COLLECTED MATERIAL
* * * * *

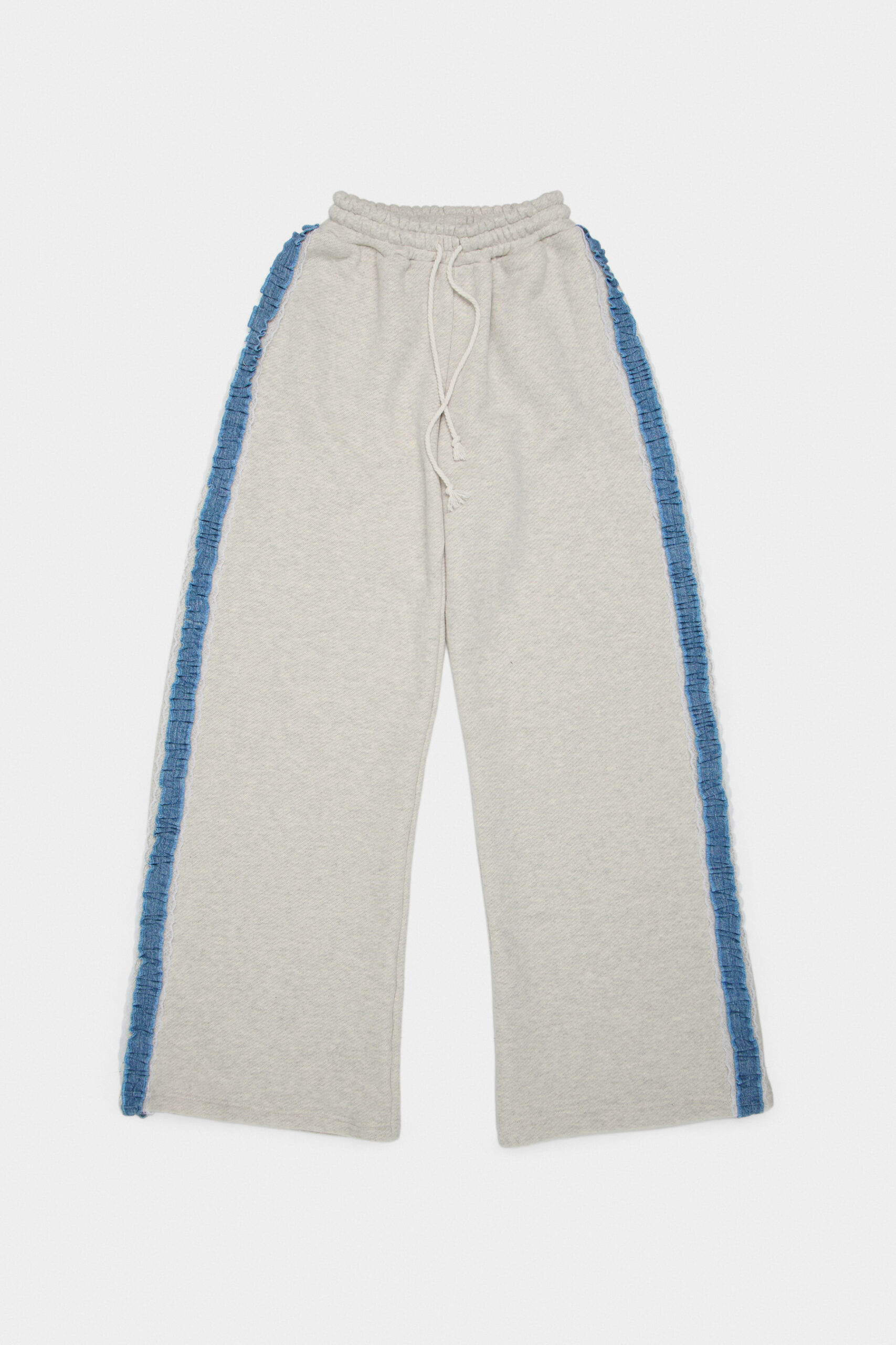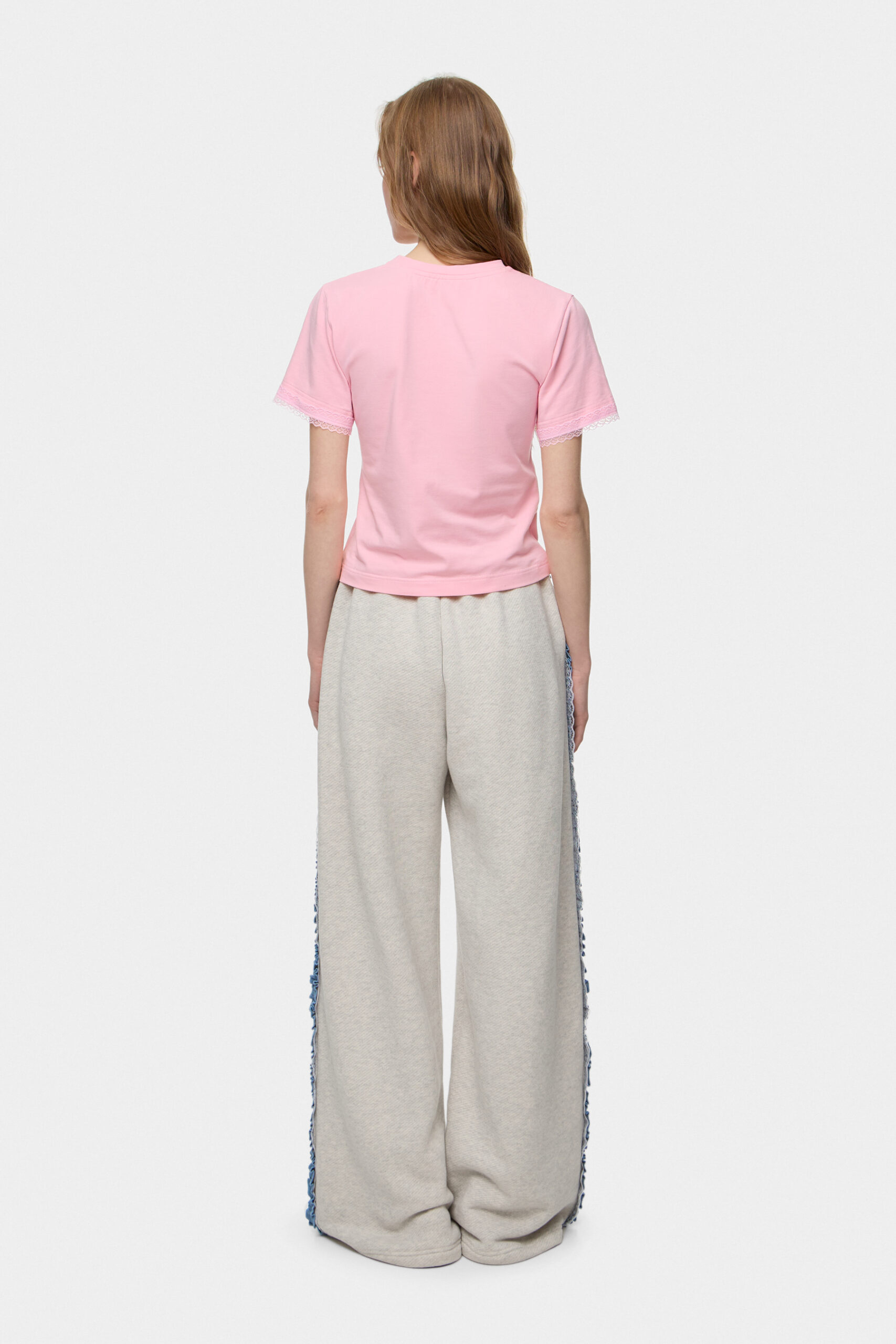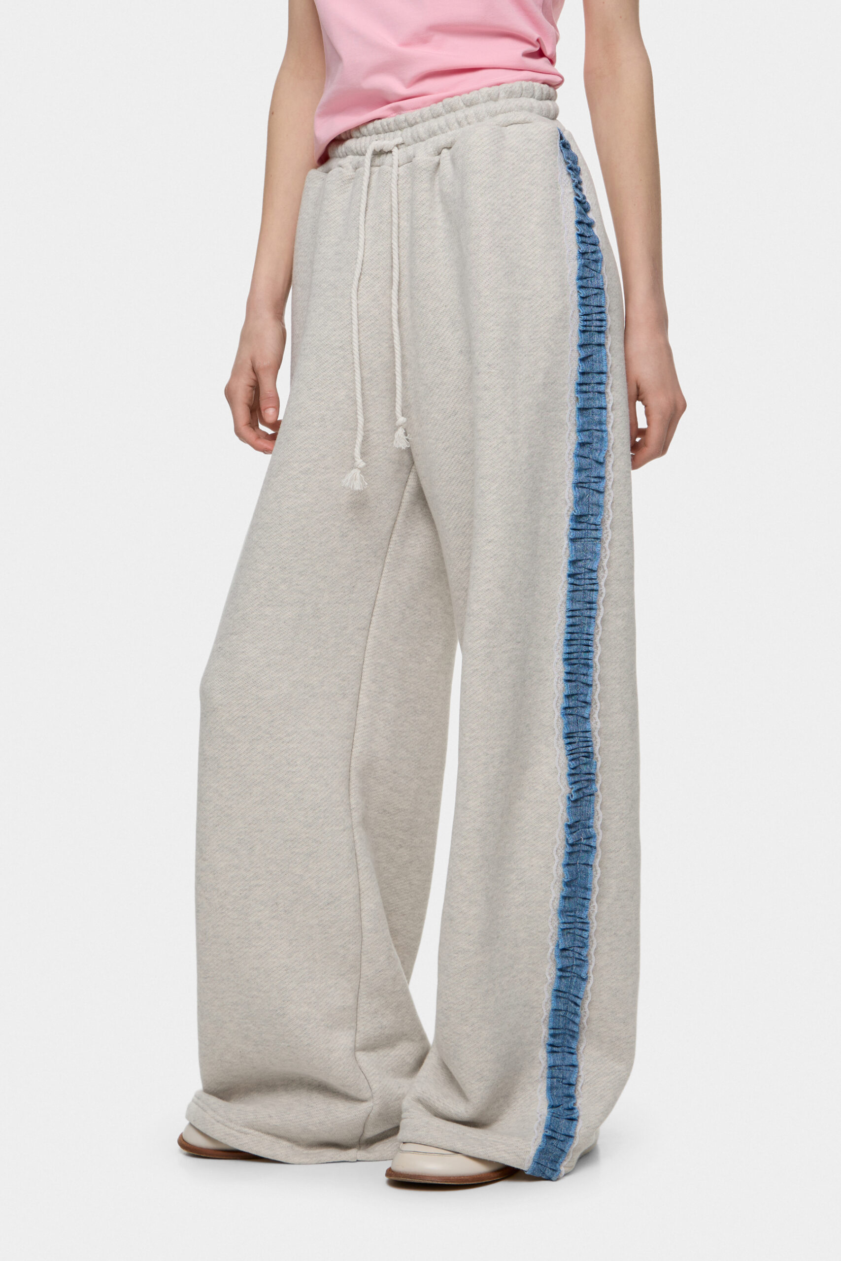 Штани з посадкою, яка дозволяє носити їх як на середній, так і на високій талії. Бокові шви декоративно оздоблені елементами з деніму та мережива, додаючи фактурності та виразного акценту в образі.
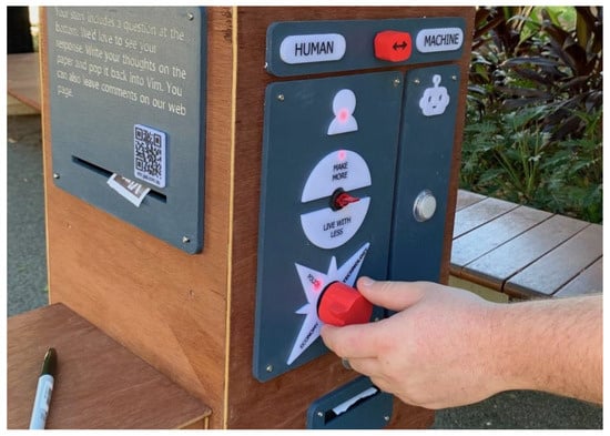 Vim [65] is a tangible interactive narrative about energy (Figure 8). According to the authors, “it is designed to illustrate how a story about a public issue could be designed for physical interaction and whether that interaction can encourage participation in that issue”. Vim is a wooden box with buttons and switches that includes a variety of technologies (like a thermal printer and cellular network connection) that print a story for the user according to his options. The main theme of the story is energy and there is a question for each reader to answer.
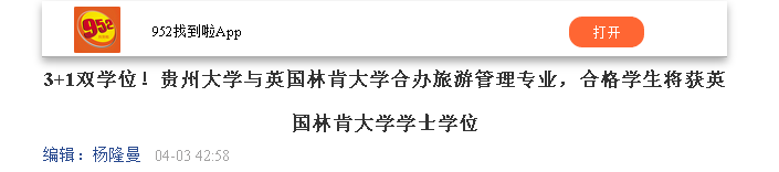 贵阳网:贵大获批与英国林肯大学合作举办旅游管理专业本科教育
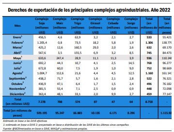 La estimación del aporte anual en D.E.X. cae en unos US$ 300.000 entre meses, principalmente por un ajuste a la baja en los precios estimados de exportación de los productos del complejo soja, y un ajuste en los volúmenes proyectados de DJVE. Actualmente, el aporte anual en D.E.X. de los complejos agroindustriales se estima en US$ 8.758 millones de dólares o unos $ 1,15 billones de pesos

* * * * *

EXERCISE DETAILS
The answer must consist solely of the lines from the first line of the data through the line containing "贵阳网:贵大获批与英国林肯大学合作举办旅游管理专业本科教育", inclusive, reproduced exactly and without pictures.

SOLUTION BELOW
 Штани з посадкою, яка дозволяє носити їх як на середній, так і на високій талії. Бокові шви декоративно оздоблені елементами з деніму та мережива, додаючи фактурності та виразного акценту в образі.
 Vim [65] is a tangible interactive narrative about energy (Figure 8). According to the authors, “it is designed to illustrate how a story about a public issue could be designed for physical interaction and whether that interaction can encourage participation in that issue”. Vim is a wooden box with buttons and switches that includes a variety of technologies (like a thermal printer and cellular network connection) that print a story for the user according to his options. The main theme of the story is energy and there is a question for each reader to answer.
 贵阳网:贵大获批与英国林肯大学合作举办旅游管理专业本科教育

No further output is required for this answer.